Bookstores, streets, even a memorial
I would later discover was placed to honor
the Księgarzom Polskim, “Polish booksellers,”
and others who, during the Nazi occupation,
rescued books in order to defend
and maintain their national culture.
viii.
I look through my Warsaw photos,
grateful for the guide who included me
in so many of them: posed at sunset
on the Old Town wall, smiling
from a seat on the city tram,
solemn in a Ghetto doorway.
Sometimes a name is all you have
to prove you once existed.
Sometimes a photo, the only record.
Here, right here. Let me show you.
I feel like this poem also brings together all the themes I explore in this collection, which contains several of these multi-sectioned meditations on various related topics.
What does it mean to you when you leave something behind or take it with you?
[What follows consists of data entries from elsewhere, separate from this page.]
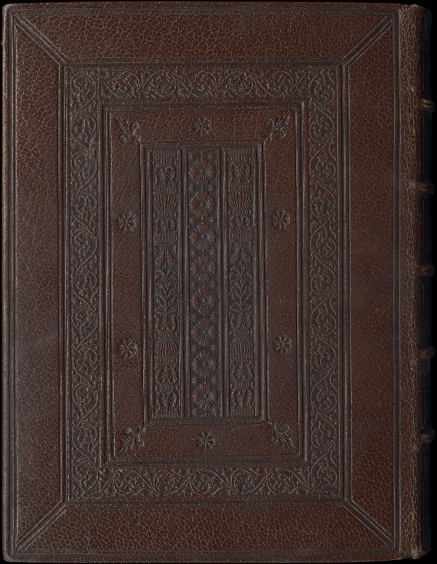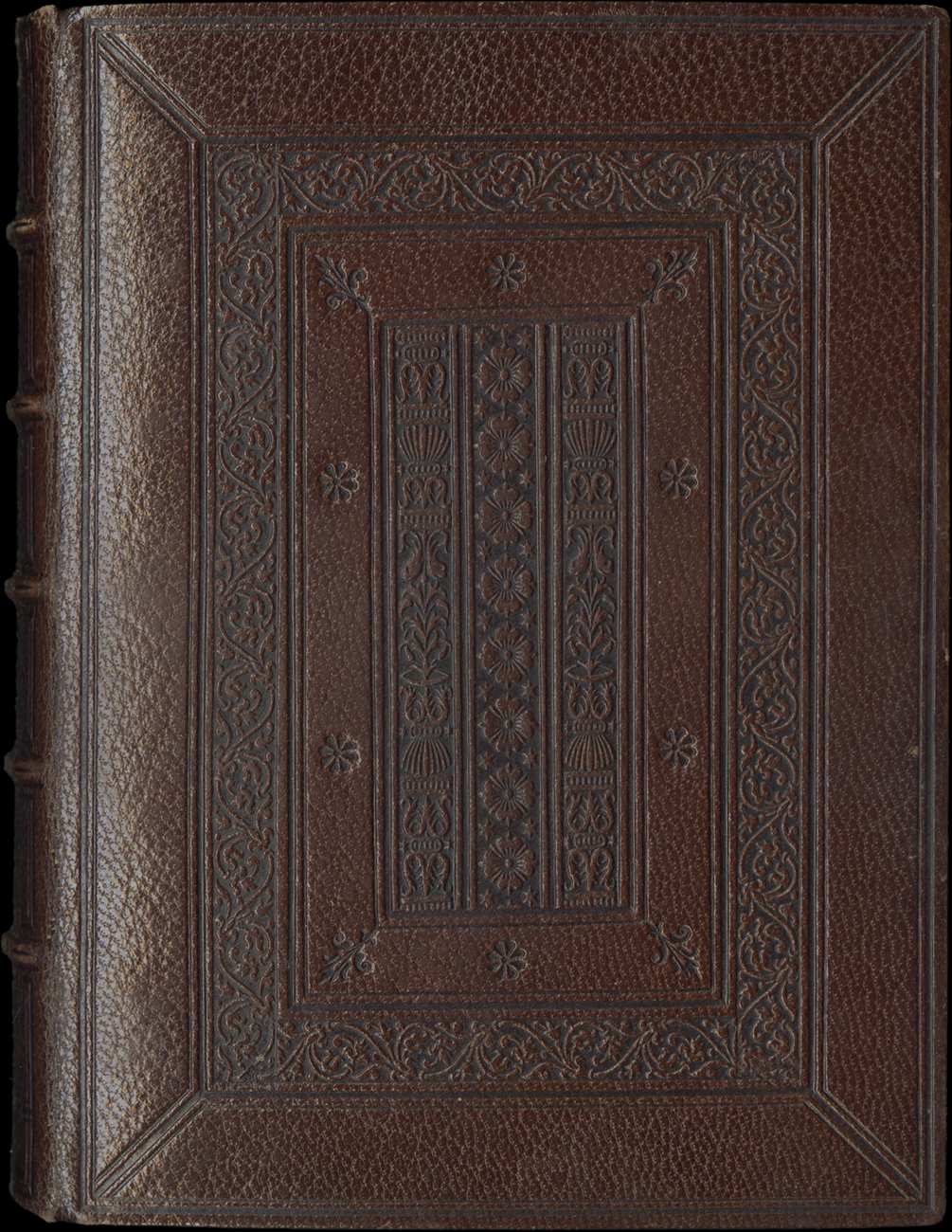 ii (paper) + 153 + ii (modern parchment) + ii (paper) folios on parchment, missing one leaf with a miniature at the beginning of Terce of the Hours of the Virgin (before fol. 45), else complete (collation: i8, ii10, iii-v8, vi7 (of 8, lacking iii), vii8, viii10, ix-xviii8, xix6 (of 8, with last 2 leaves of quire cancelled)), catchwords for all quires, except for three quires (1, 2 and 18), text written in a formal gothic bookhand in brown ink on 18 long lines, ruled in red (written space: 59 x 81-85 mm), rubrics in red, text capitals touched in yellow, line-endings alternately in red and blue, decorated with brushed gold, one-line initials in burnished gold against blue or red grounds, two-line high initials in burnished gold against a ground of blue or red with white penwork decoration, except for ff. 143-152, where 2-line high initials are alternately in white and gray against a ground of brushed gold, or in brushed gold against a ground of red with gold penwork decoration, 5-line high initials below miniatures on ff. 42, 48 and 50 in brushed gold or silver (now oxidized) with infill of painted flowers, remainder of 5-line high initials in red or blue highlighted in white tracery decoration against burnished gold grounds with infill of colored ivy leaves, 2 HISTORIATED INITIALS, one accompanied by a decorative staff (f. 116), the other historiated initial echoed by A SMALL MINIATURE set of to the right and flanked with a panel border of colored acanthus leaves and flowers against a burnished gold ground with in the center a branch with belt and coat of arms (“azure a bend dancetty or”) (f. 144), 4 SMALL MINIATURES set in rectangular illuminated frames of flowers, fruits and colored ivy leaves on burnished gold grounds, 13 LARGE MINIATURES set in decorated rectangular frames alternately of colored acanthus leaves, naturalistic flowers and fruits or ivy leaves, including four accompanied with full illuminated historiated borders containing accessory scenes (ff. 28, 68, 76, 92), text a little rubbed in places, overall in good condition, miniatures brilliantly preserved. Bound in a late-nineteenth or early-twentieth imitation binding of blind-tooled brown morocco, back sewn on five thongs, inner pastedowns and recto of first flyleaves lined with maroon silk, edges gilt, manuscript placed in a red silk wraparound fitted in a dark red morocco slipcase. Dimensions 152 by 113 mm.
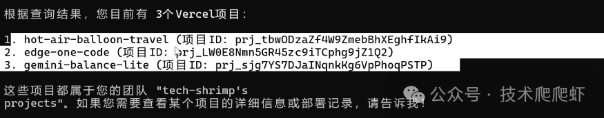 页面都成功显示出来了,部署完成。除了部署项目Vercel MCP,还可以用来查找信息。比如我问他我有哪些Vercel项目,他先调用MCP工具,获取到我的团队信息,然后查找这个团队下面所有的项目,最终查找到了这三个项目,是完全正确的。
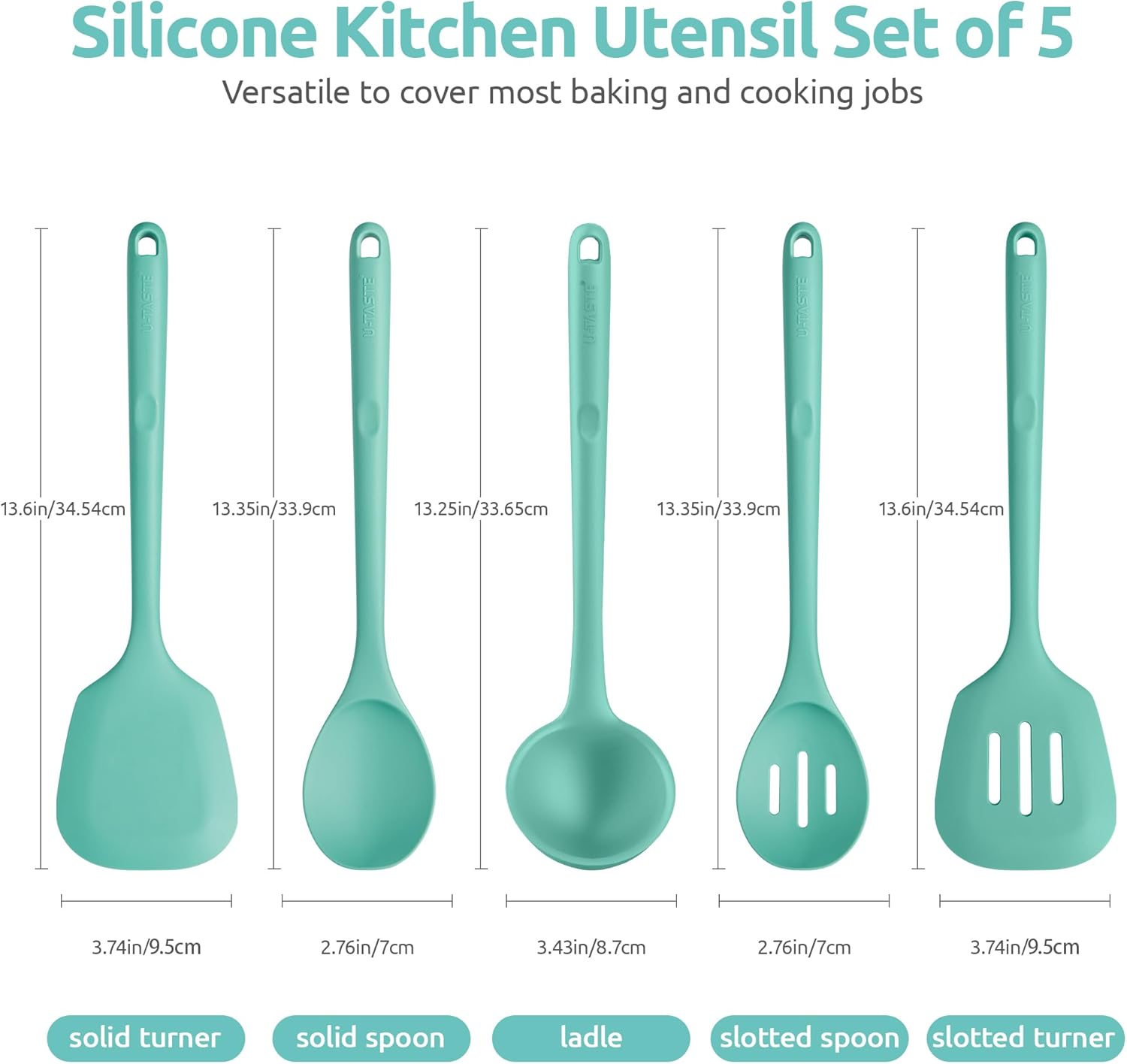 600ºF Heat Resistant Kitchen Utensil: U-Taste 13.6" Extra Long Silicone Cooking Tools Set, Food-Grade Non-Stick Solid and Slotted Turner Spatula, Mixing Spoon, and Soup Ladle (5 Pieces, Aqua Sky)
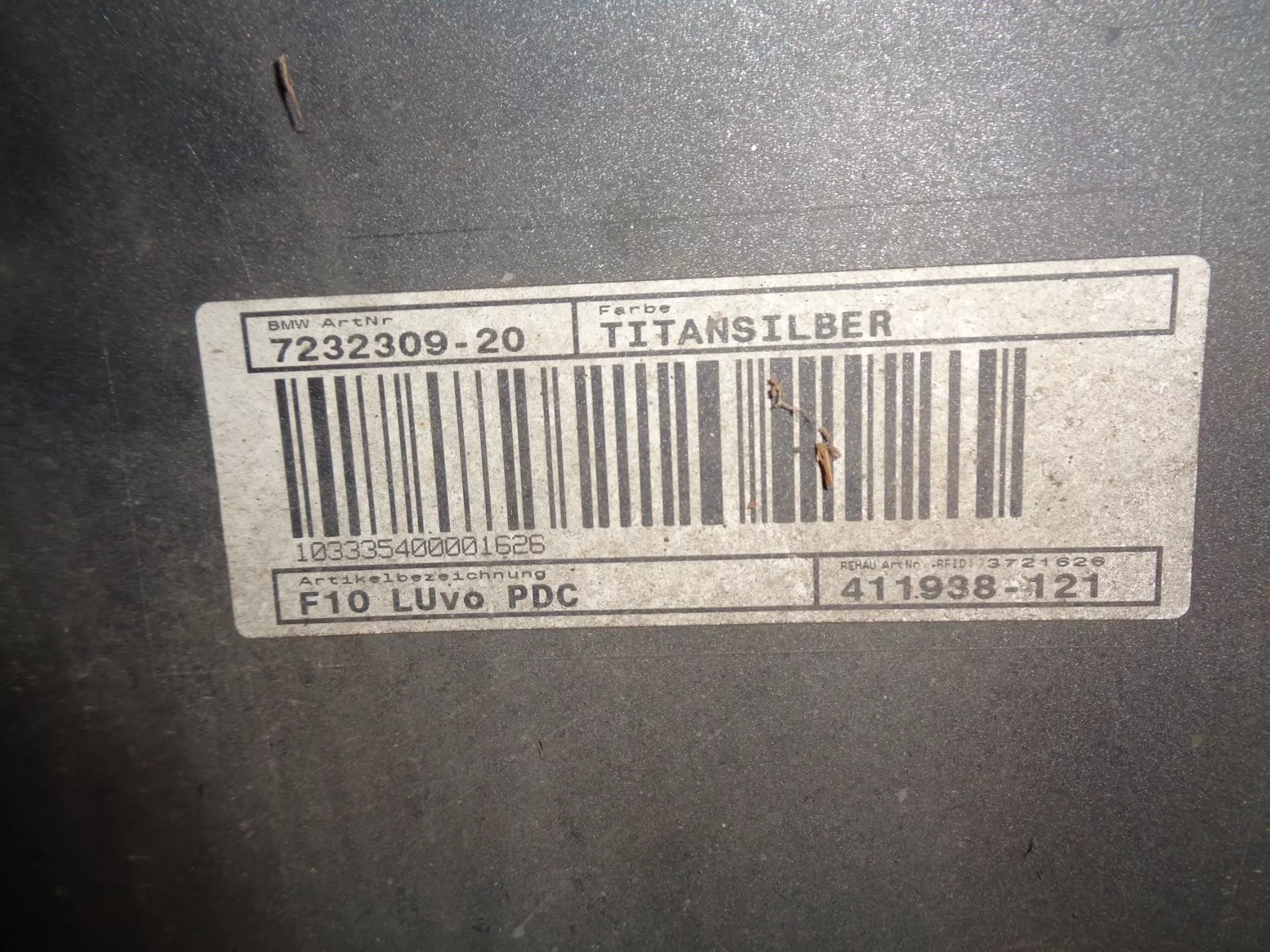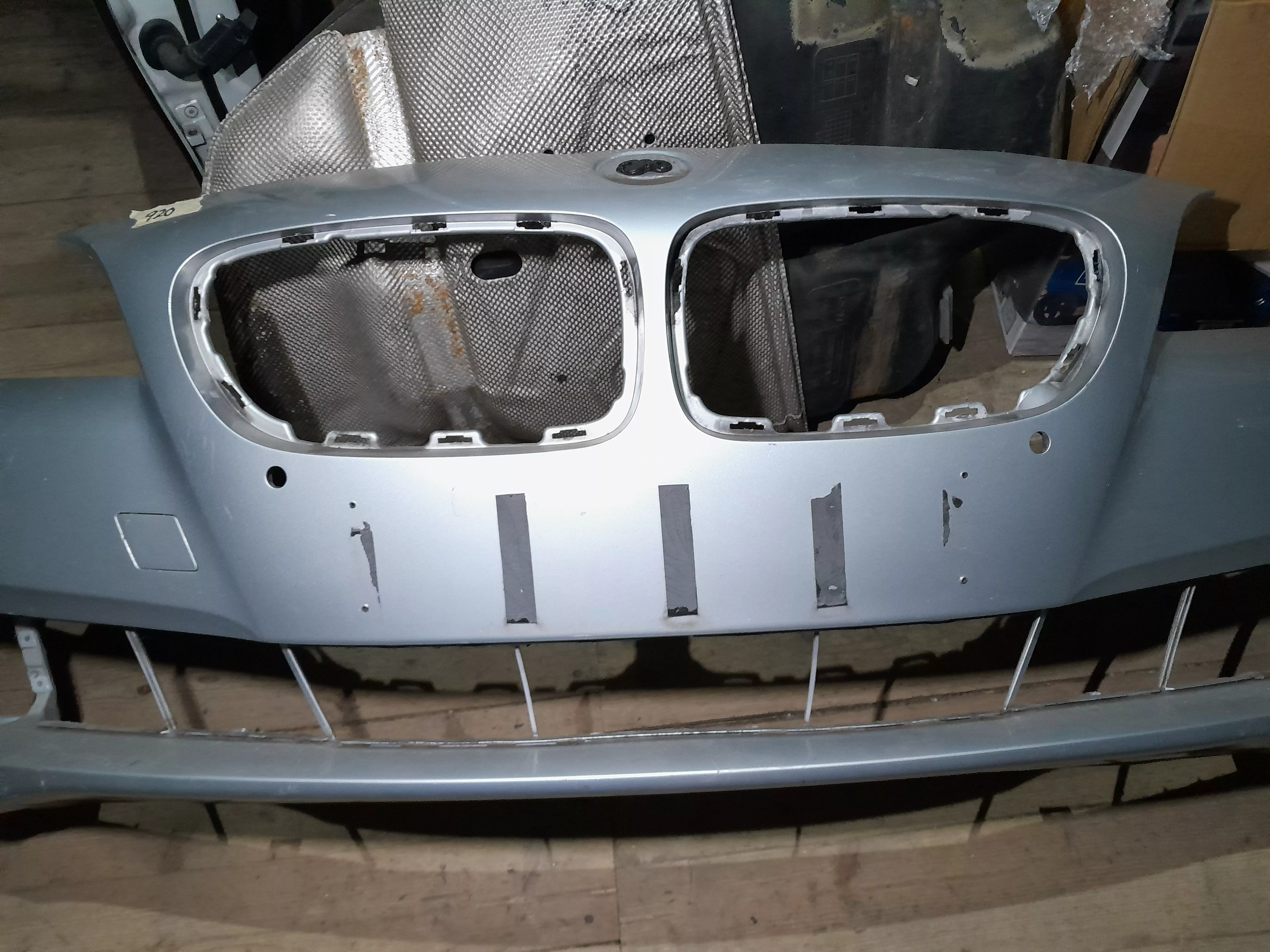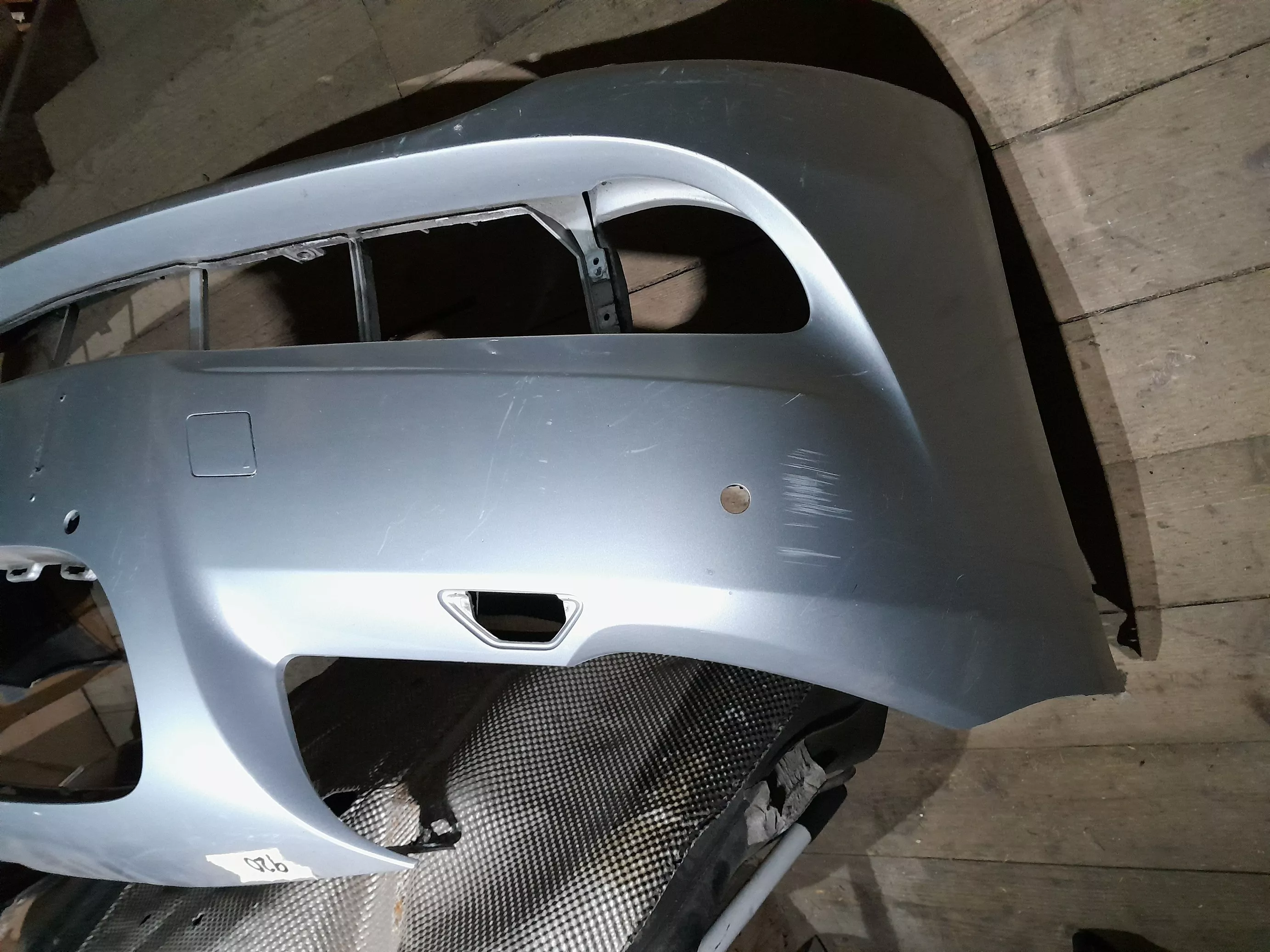 Přední nárazník na BMW 5 F10 s otvory na ostřikovače a PDC, stříbrný - Titansilber, jen škrábnutý lak nad pravou mlhovkou. Současné originál číslo 51117285961.
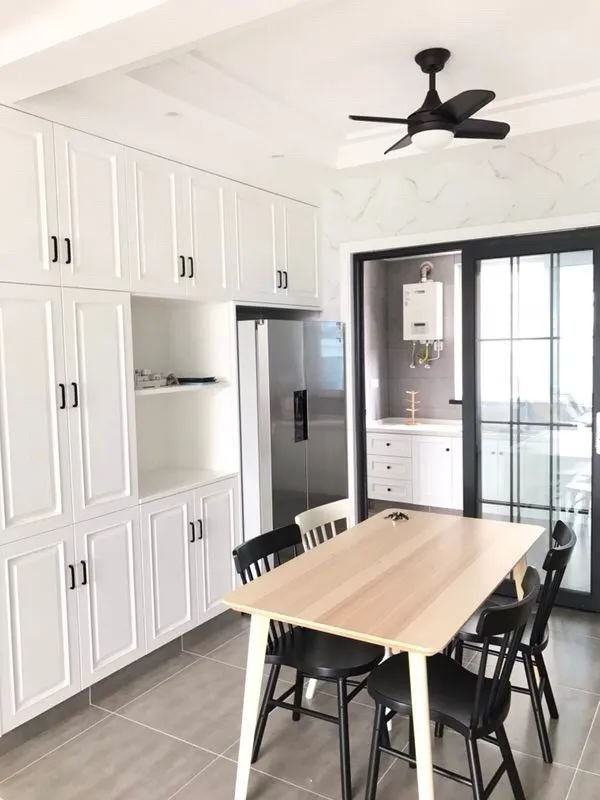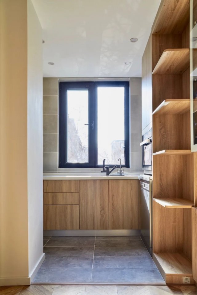 厨房作为加了一个相对紧凑的空间,地面铺设哑光防滑的灰色地砖是非常常见的选择,这样整体地面更加耐脏,设计效果也是非常简约大方。
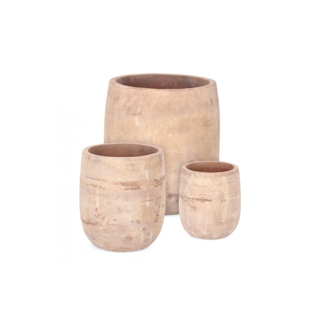 Set 3 květináčů MINH od italské značky stylového nábytku BIZZOTTO v provedení světle hnědé terakoty.
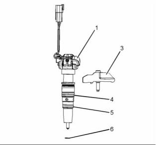 4. Remove electronic unit injector (1) and clamp

In 2013, my husband and I moved with our daughter from the U.S. to Berlin, Germany. We sold our house and nearly all the contents of it before we moved. We actually brought relatively few of our possessions with us, which was necessary because we were transitioning from a four-bedroom suburban house with multiple living spaces, closets, basement, and garage to a four-room city apartment with a small storage unit in the basement. As you might imagine, it was quite a Herculean task to go through all of our possessions deciding what to leave behind and what to take.
That process taught me that most of the things we own are just things. I’ve learned to not become too attached to objects. Of course, some things have their own meanings attached, which makes it easier to decide to keep those things – unless they are negative meanings. But there are many things we carry with us internally − thoughts, feelings, memories. We can’t always leave the negative ones behind, just as we can’t always guarantee that the positive ones will stay with us our entire lives.
These are really the ideas that I tried to explore in the poems in this book. There are things we do to try to keep from forgetting – like taking pictures, or writing in journals, or passing our stories along to others. For me, writing these poems has been my way of keeping these memories with me.
Bernadette Geyer’s poem “The Long Man” was published in Common Ground Review’s last print issue, Spring/Summer 2020, but you can find that poem in What Haunts Me.